The latter is to get around reduced infrastructure headcount, reduced access to data centre facilities and delays in hardware supply chains. Additionally, public cloud is viewed as offering more reliable business continuity options. With many enterprises using two or more public and private clouds, 93% of enterprises have a multi-cloud strategy and 87% have a hybrid cloud strategy.

But the journey is not without its challenges. The same study shows most organisations struggle with controlling cloud costs and are on average over budget by 23%. It is also estimated that 30% of cloud spend is wasted. 80% of the survey participants in another study repatriated migrated workloads back to their premises. The three main reasons for repatriation from the cloud are performance, security and cost. Earlier studies quoted by TechRepublic suggest that ¾ th of cloud migrations take longer than a year to complete with the majority taking over two years.

Long delays, high costs and failure to meet objectives can result in abandoned or stalled migrations. These can lead to fragmented IT organisations and infrastructure resulting in higher operating complexities and expenditure. But the above studies, and many others, also point to what might a successful cloud migration look like.

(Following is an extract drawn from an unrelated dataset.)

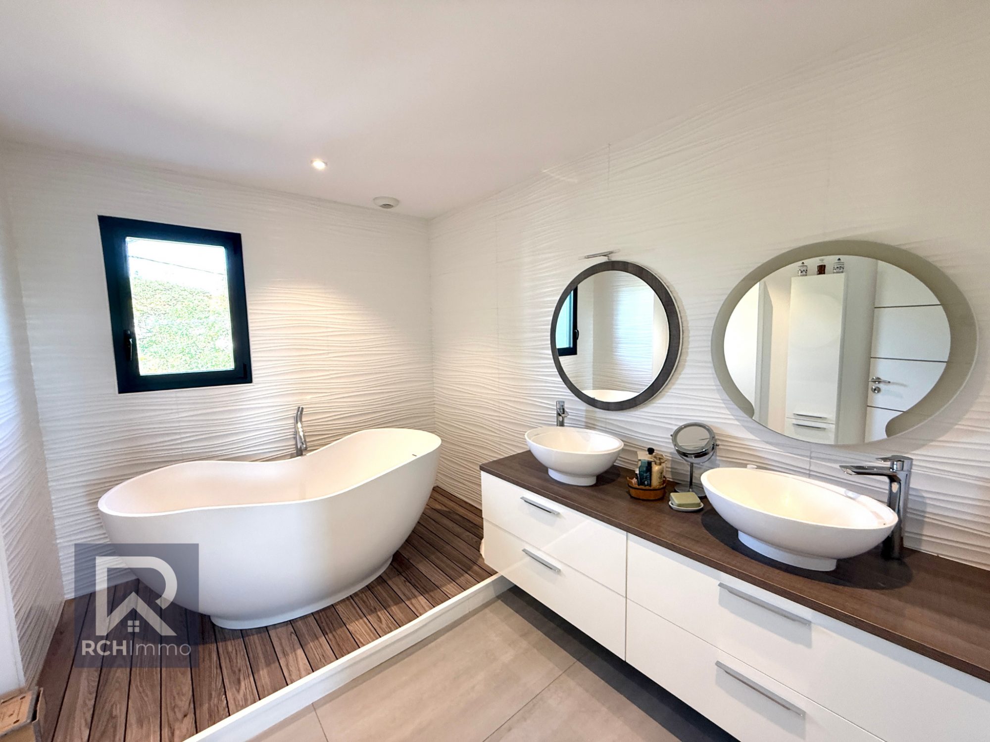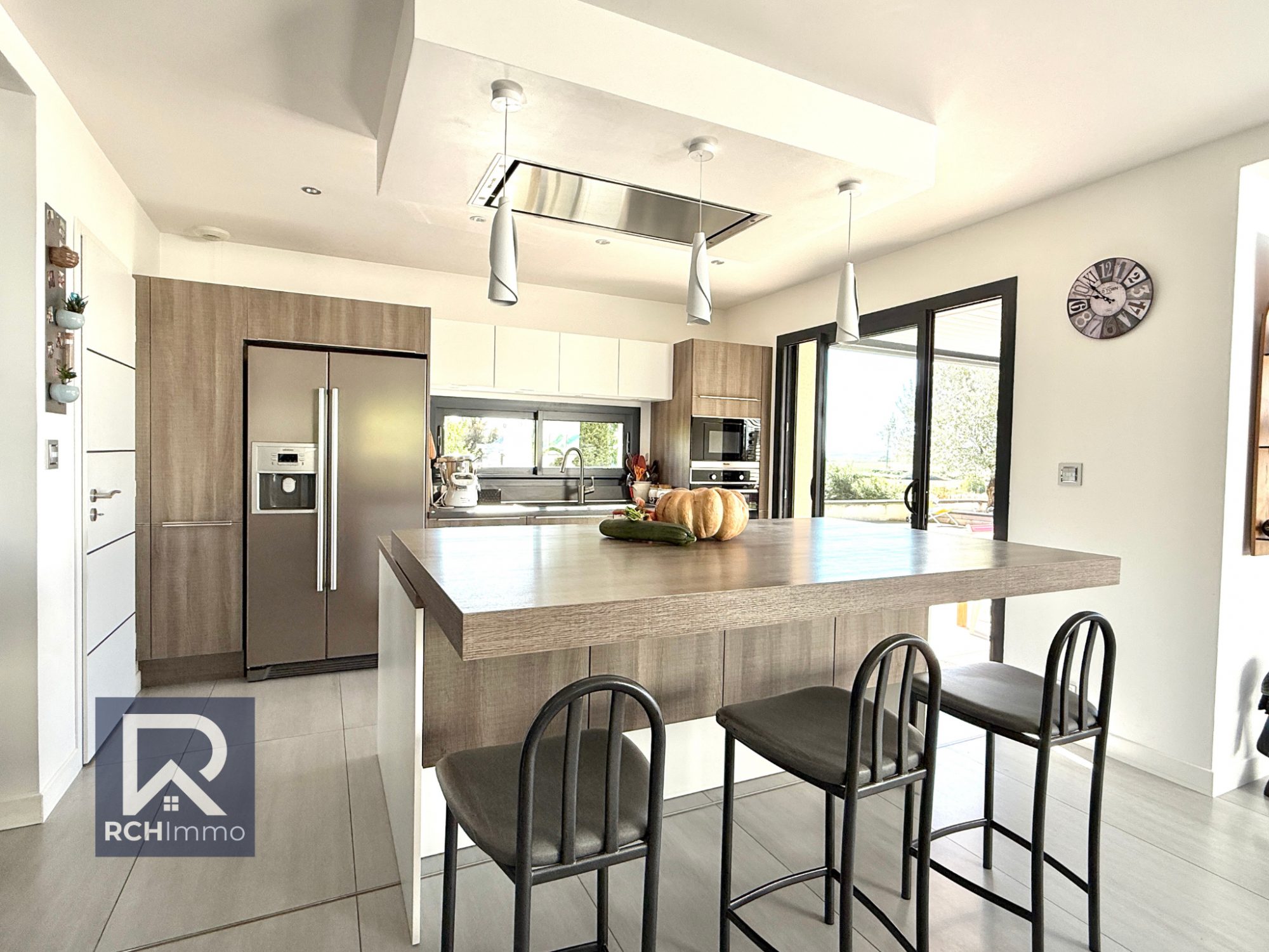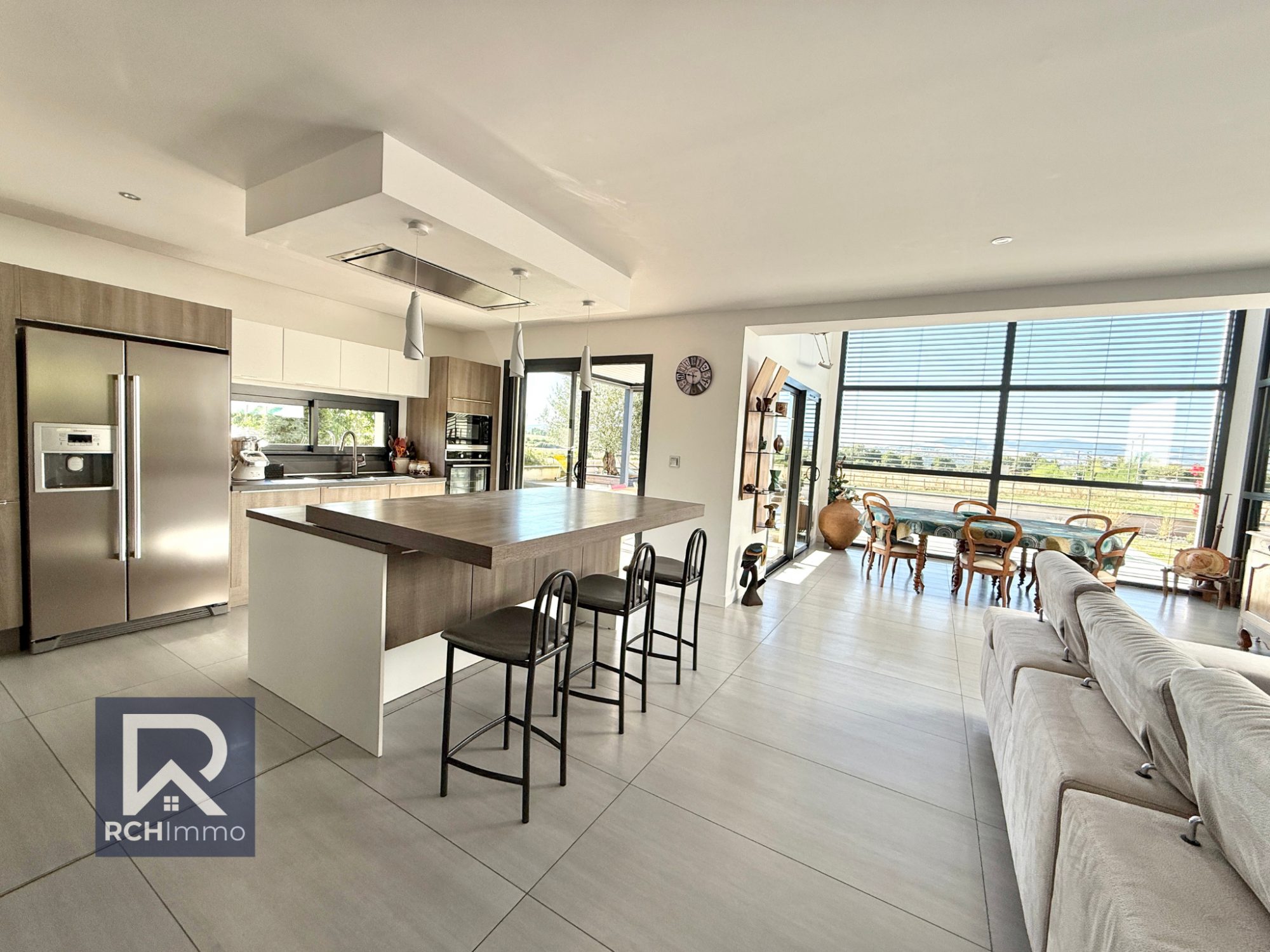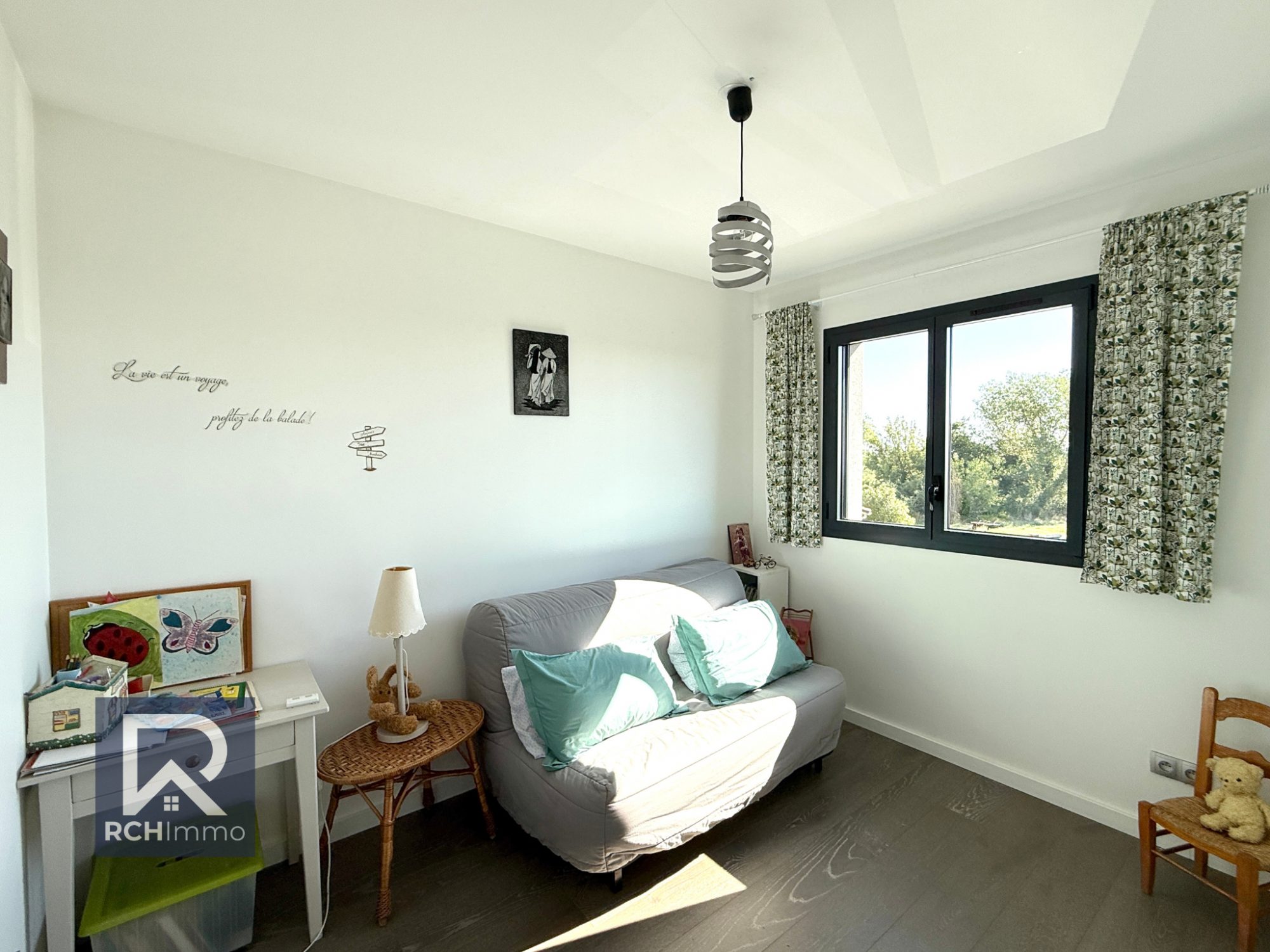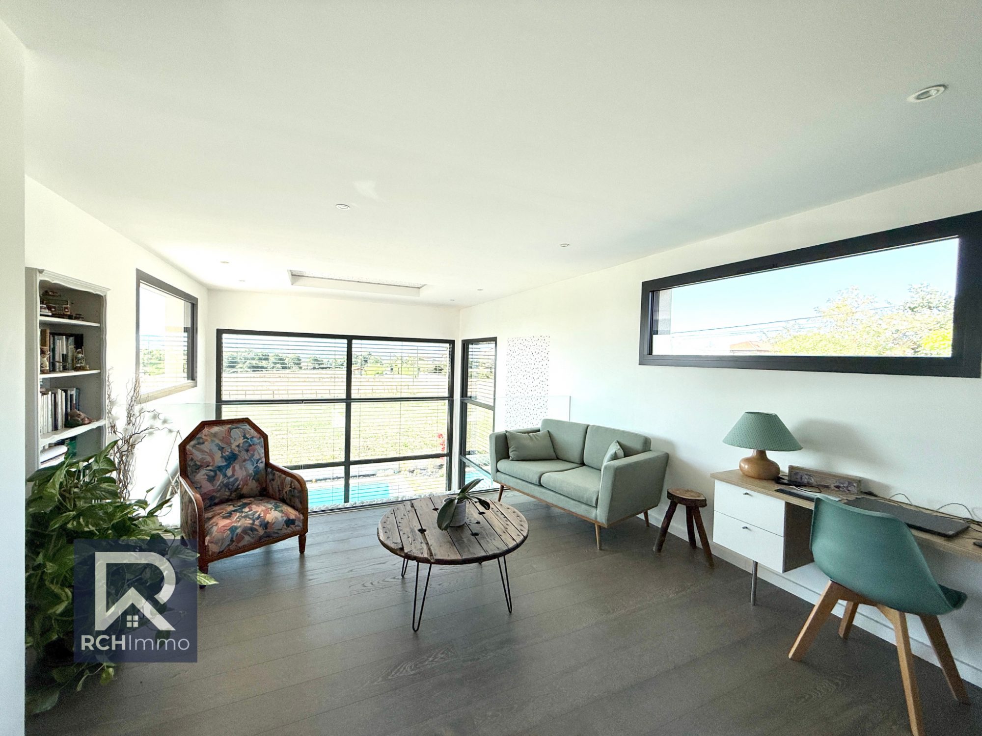 Prestations haut de gamme : - Pergola bioclimatique - 14 panneaux photovoltaïques (2024) - Chauffage au sol par pompe à chaleur (air/eau) - Isolation phonique & thermique de qualité - Plafond cathédrale + baies vitrées double hauteur - Huisseries aluminium + volets roulants électriques centralisés - Classe énergétique : B

This article discusses five engineering principles that aim to make cloud migrations economically, technically and operationally sustainable while delivering technology that achieves the desired business objectives. To put these principles into perspective, cloud migration approaches and cloud benefits will first be reviewed.

Approaching Cloud Migration

In 2010, Gartner defined 5 R’s of cloud migration. These were later extended to 6 R’s as described in this AWS blog. Many cloud practitioners and vendors consider these as alternative cloud migration strategies. Here, they are divided into reasons why an application may not be migrated and the approaches to follow for those that can be migrated.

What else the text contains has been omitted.